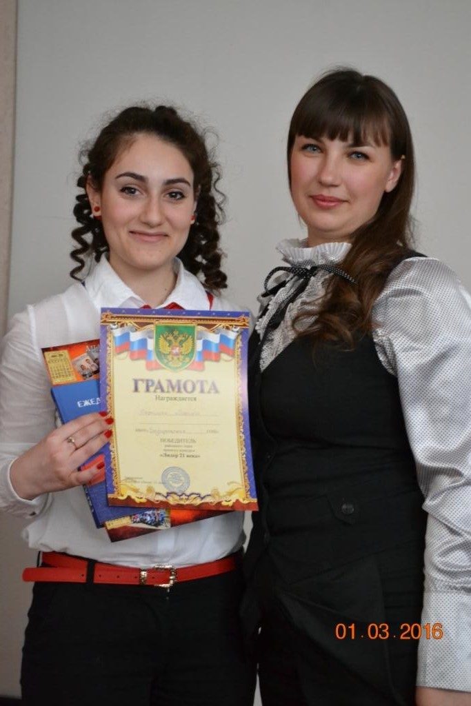 Подтверждением данного тезиса, стало известие о том, что ее ученица Саркисян Мариета, учащаяся 11 класса вместе с руководителем приглашены в Москву для участия во Всероссийском этапе конкурса «Лидер XXI века». Напомним, что Мариета стала победителем районного, а затем краевого этапов конкурса, а по итогам заочного конкурса вошла в число 18 претендентов которым выпала честь защищать свои регионы на Всероссийском уровне.
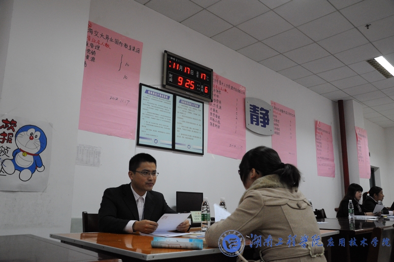 见面会还未开始,应聘者便手持简历早早来到现场,积极与招聘人员进行交流。招聘人员对我院准毕业生的个人素质和综合能力给予了充分的肯定,并告诫同学们一定要做好人生的定位,有目标才有方向的择业。
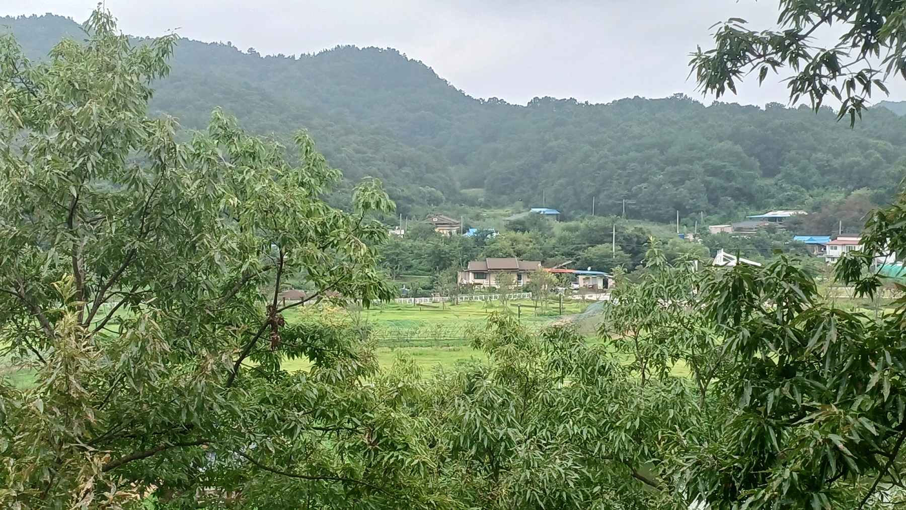 더문 더문 떨어진 청산리 마을 가옥들이 조망되고
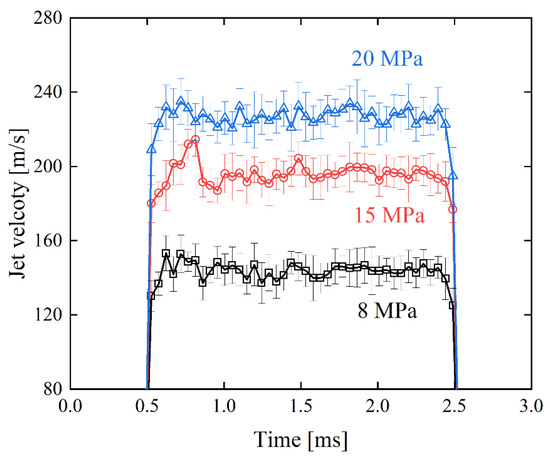 Figure 14 shows the variation in internal flow velocity in hole #1 with respect to the fuel injection duration. The measurement location of this internal flow velocity is at the center of the flow (r/R = −0.29) shown in Figure 13a. As seen in Figure 14, after the injection begins, the internal flow velocity rises rapidly and quickly reaches a stable state. During the initial phase of the velocity rise, which occurs between 0.5 ms and 1.0 ms of injection duration, there is a slight overshoot in the internal flow velocity. After this, the flow enters a steady state, with the internal flow velocity remaining almost constant, corresponding to an injection duration between 1.0 ms and 2.0 ms. The overshoot in internal flow velocity may be attributed to the needle valve’s own opening overshoot.
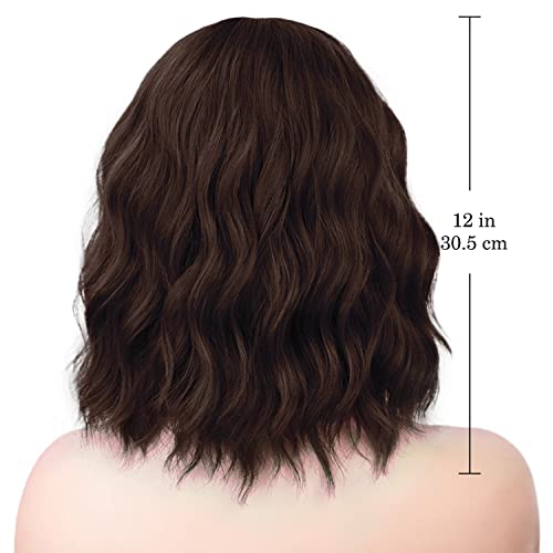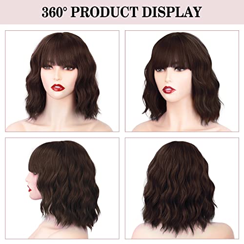 JessLab Parrucca Bob con Bang, Naturale Sintetica Parrucche Corte Ricce Resistente al Calore Parrucca da Donna Parrucchino con Frangia Estensione Capelli, Marrone Scuro (8-33)
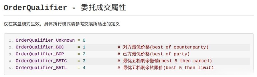 订单委托方向、订单委托类型和开平仓类型的枚举常量分别为:...
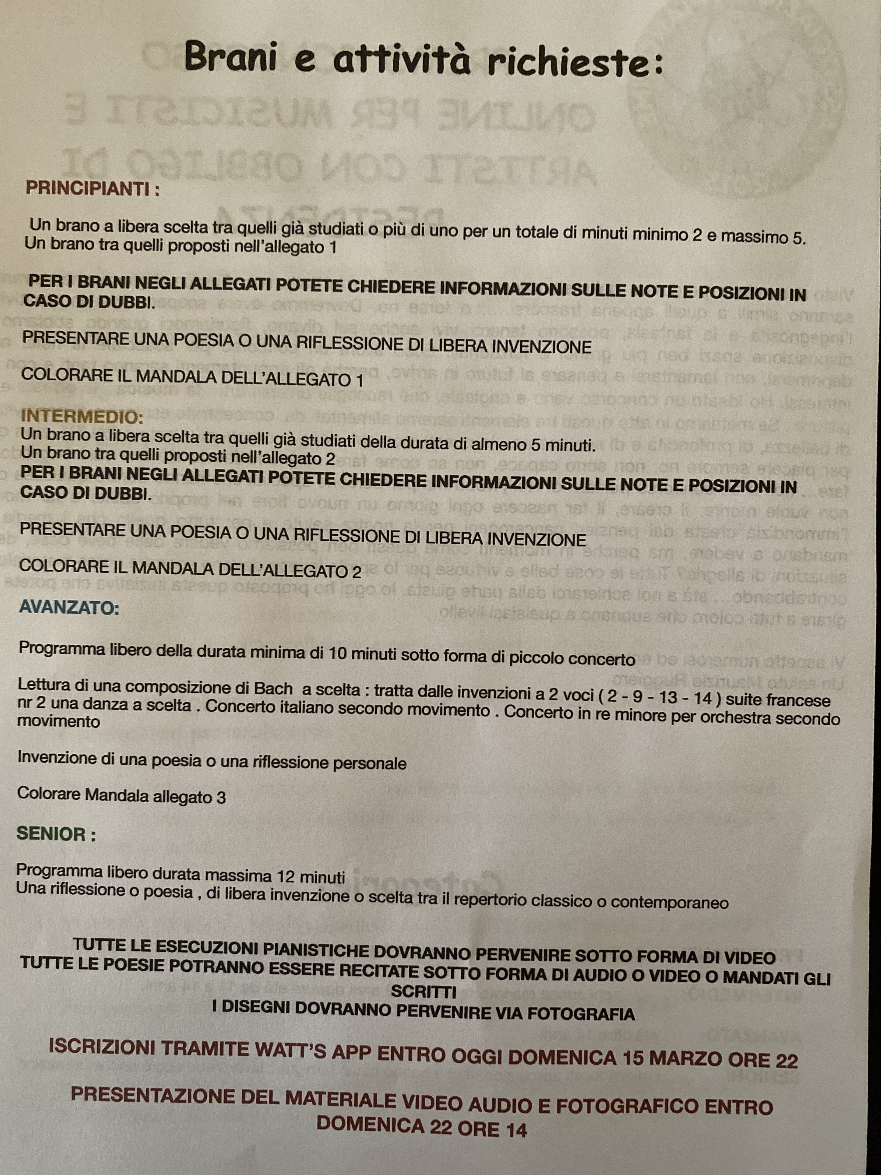 Musica alle 18 ( ogni allievo può mandare un pezzettino registrato e io lo pubblicherò da domani sulla mia pagina Facebook per non tempestarvi di messaggi)

■ Assigned task
In the data above, find the line containing "JessLab Parrucca Bob", then output it and every later line exactly, without the pictures.

■ Exercise solution
 JessLab Parrucca Bob con Bang, Naturale Sintetica Parrucche Corte Ricce Resistente al Calore Parrucca da Donna Parrucchino con Frangia Estensione Capelli, Marrone Scuro (8-33)
 订单委托方向、订单委托类型和开平仓类型的枚举常量分别为:...
 Musica alle 18 ( ogni allievo può mandare un pezzettino registrato e io lo pubblicherò da domani sulla mia pagina Facebook per non tempestarvi di messaggi)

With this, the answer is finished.